PROMPT » A copy of the listing below is needed, exact in every line and without images.

RECORD EXCERPTS »
▼
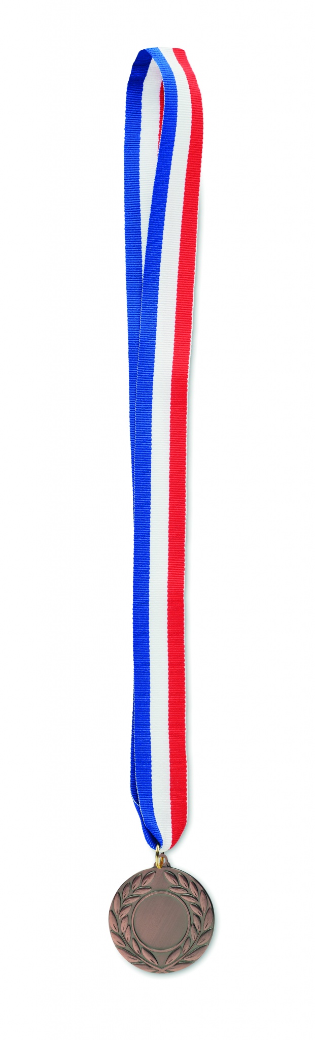 Medalj av järn med polyesterband i färgerna blått, vitt och rött. 5 cm i diameter
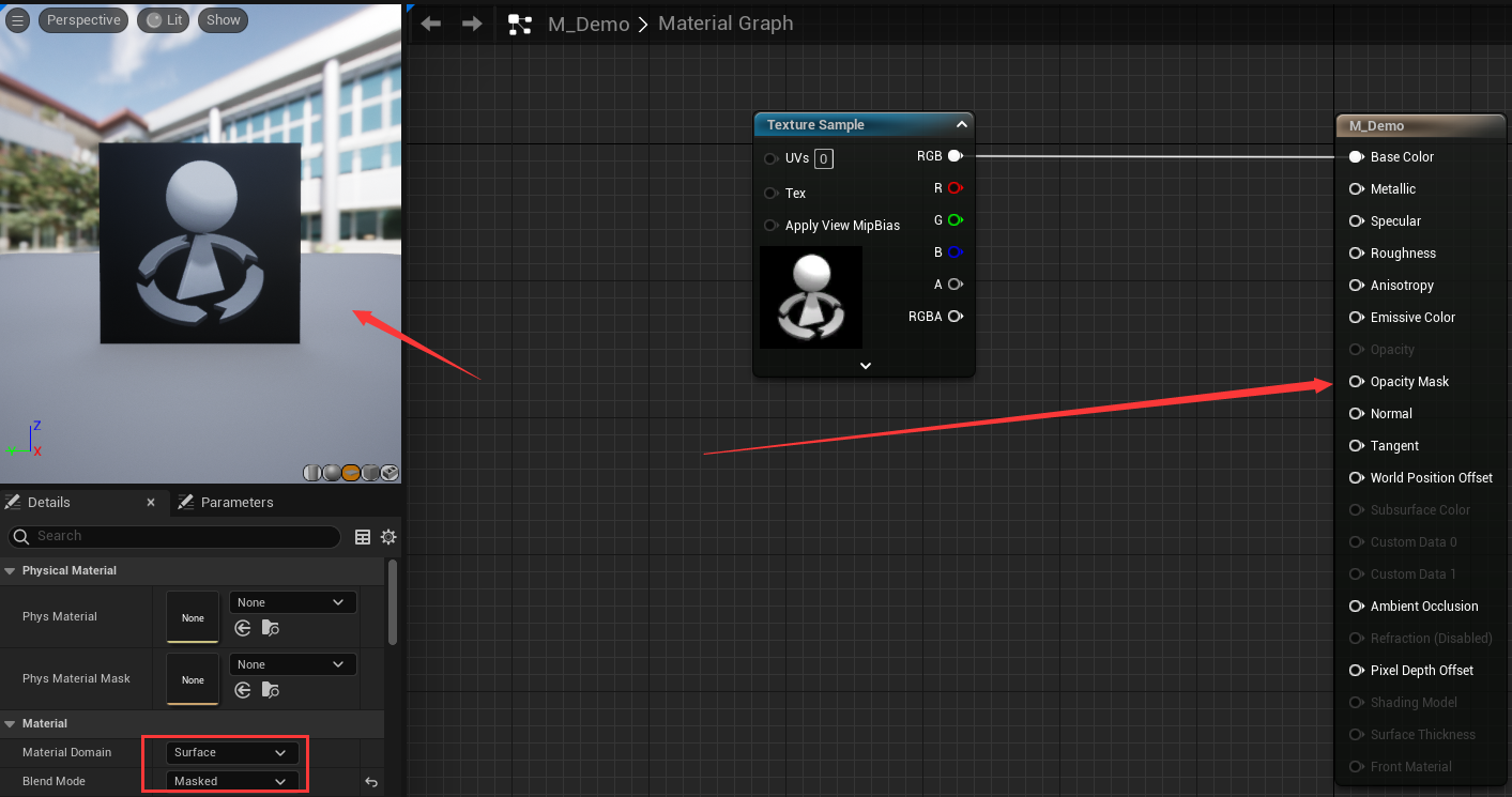 | Opacity Mask | 不透明遮罩,一般用于带透明通道的贴图,默认不开启,需要设置混合模式(Blend Mode) 为已遮罩(Masked) |
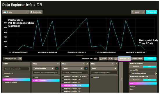 We have integrated our sensor data with Influx Database (InfluxDB), being a time-series optimized database toolkit that contains an all-in-one package of dashboards, queries, tasks, and agents. InfluxDB includes a User Interface (UI) that features a Data Explorer, dashboarding tools, and a script editor, enabling a multi-tenanted time-series, background processing, and monitoring agent, thus, providing a flexible deployment and setup suitable for storing IAQ measurements. As depicted in
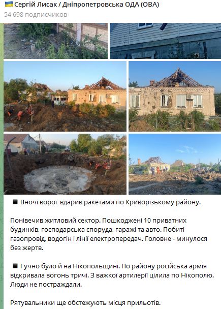 Ночью был ракетный удар по Криворожскому району Днепропетровской области.
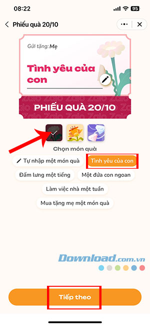Bước 3: Chọn 1 trong 3 mẫu phiếu quà và các món quà để tặng người đó. Người dùng có thể tự nhập nội dung món quà sẽ hiển thị trong phiếu vào nhấn Tiếp theo.
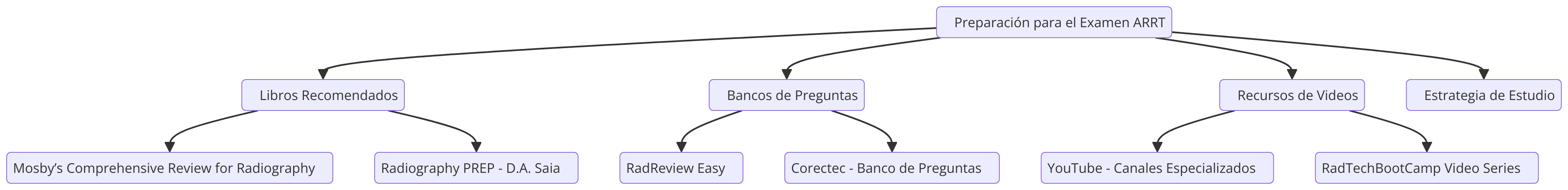 Aquí tienes tres recursos diferentes para preparar el **Examen de Registro para Técnicos Radiológicos (ARRT, por sus siglas en inglés)**, que es el examen requerido para obtener la licencia como técnico radiólogo en Estados Unidos. Los recursos están organizados en libros, bancos de preguntas y videos:
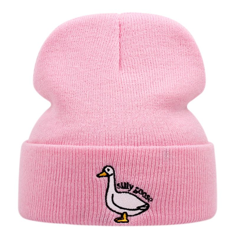 Silly Goose Embroidered Knitted Hat Winter Warm Men's and Women's Outdoor Knitted Hat Pink
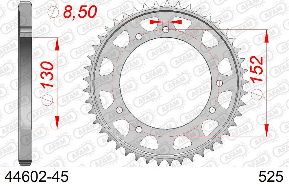 - hinten AFAM 525 Stahl Kettenrad 45 Zähne
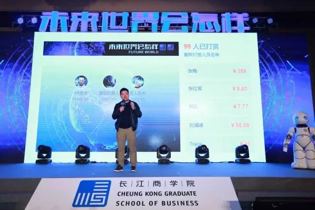 为了提升每位来宾的参与度,现场班委们还设置了打赏互动环节,每位来宾都可为自己喜爱和偏好的未来科技应用技术打赏,大大提升了嘉宾演讲的积极性和来宾作为评委的荣誉感、融入感。
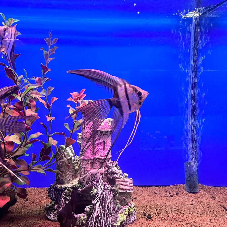 • Грунт: тёмный, мелкий — подчёркивает окраску рыб и не травмирует
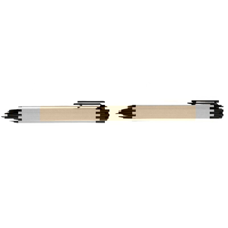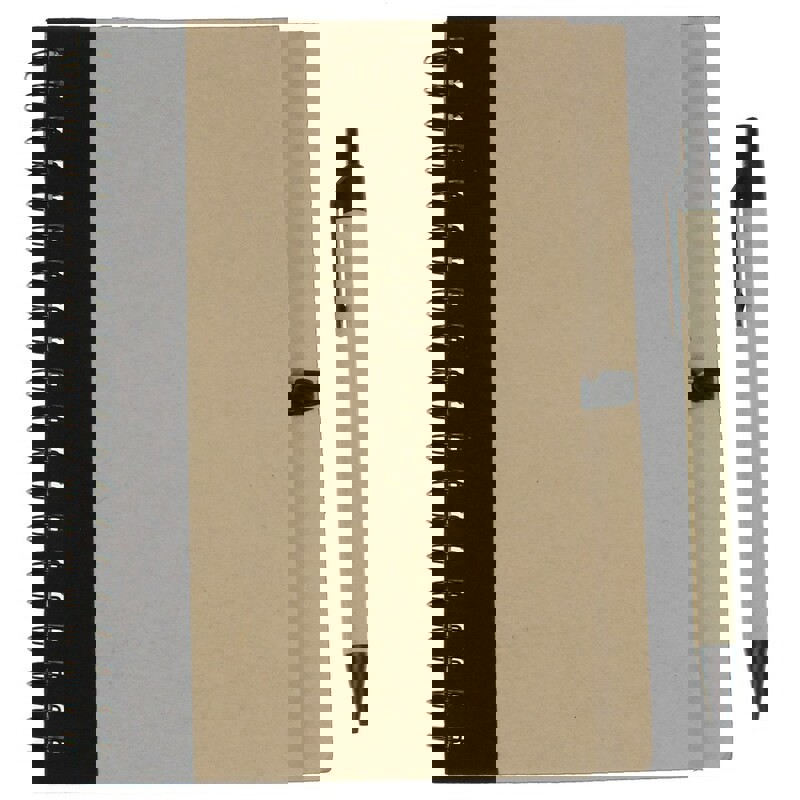 Notebook in approx. A5 size with 60 lined sheets (120 pages), features spiral binding, ball pen with coloured elements included, writes in blue, cover made of carboard with coloured detail next to the spiral binding
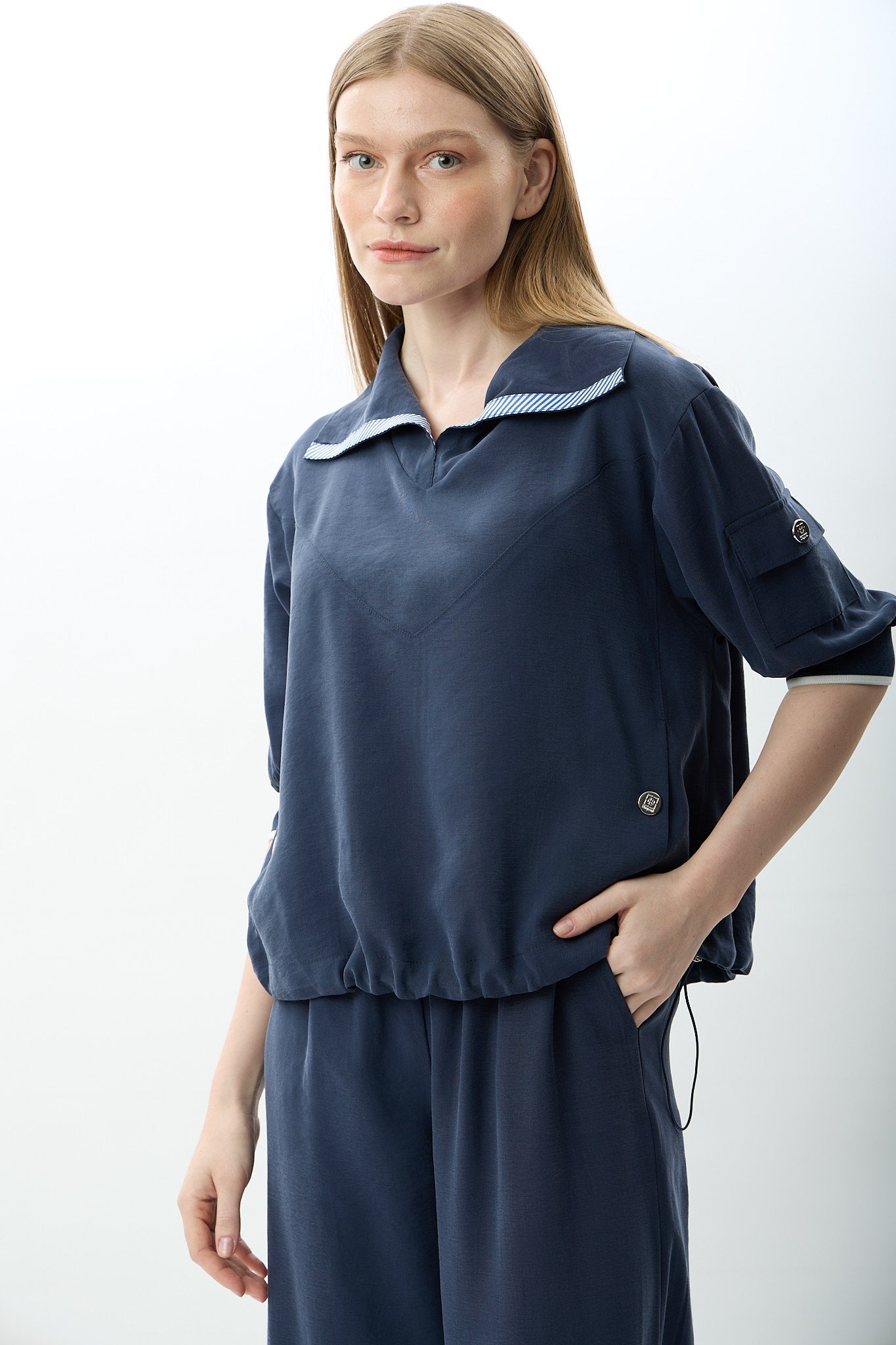 V Yaka Büzgü Detaylı Bluz (Lacivert)
▲
ANSWER FOR THE TASK »
 Medalj av järn med polyesterband i färgerna blått, vitt och rött. 5 cm i diameter
 | Opacity Mask | 不透明遮罩,一般用于带透明通道的贴图,默认不开启,需要设置混合模式(Blend Mode) 为已遮罩(Masked) |
 We have integrated our sensor data with Influx Database (InfluxDB), being a time-series optimized database toolkit that contains an all-in-one package of dashboards, queries, tasks, and agents. InfluxDB includes a User Interface (UI) that features a Data Explorer, dashboarding tools, and a script editor, enabling a multi-tenanted time-series, background processing, and monitoring agent, thus, providing a flexible deployment and setup suitable for storing IAQ measurements. As depicted in
 Ночью был ракетный удар по Криворожскому району Днепропетровской области.
Bước 3: Chọn 1 trong 3 mẫu phiếu quà và các món quà để tặng người đó. Người dùng có thể tự nhập nội dung món quà sẽ hiển thị trong phiếu vào nhấn Tiếp theo.
 Aquí tienes tres recursos diferentes para preparar el **Examen de Registro para Técnicos Radiológicos (ARRT, por sus siglas en inglés)**, que es el examen requerido para obtener la licencia como técnico radiólogo en Estados Unidos. Los recursos están organizados en libros, bancos de preguntas y videos:
 Silly Goose Embroidered Knitted Hat Winter Warm Men's and Women's Outdoor Knitted Hat Pink
 - hinten AFAM 525 Stahl Kettenrad 45 Zähne
 为了提升每位来宾的参与度,现场班委们还设置了打赏互动环节,每位来宾都可为自己喜爱和偏好的未来科技应用技术打赏,大大提升了嘉宾演讲的积极性和来宾作为评委的荣誉感、融入感。
 • Грунт: тёмный, мелкий — подчёркивает окраску рыб и не травмирует
 Notebook in approx. A5 size with 60 lined sheets (120 pages), features spiral binding, ball pen with coloured elements included, writes in blue, cover made of carboard with coloured detail next to the spiral binding
 V Yaka Büzgü Detaylı Bluz (Lacivert)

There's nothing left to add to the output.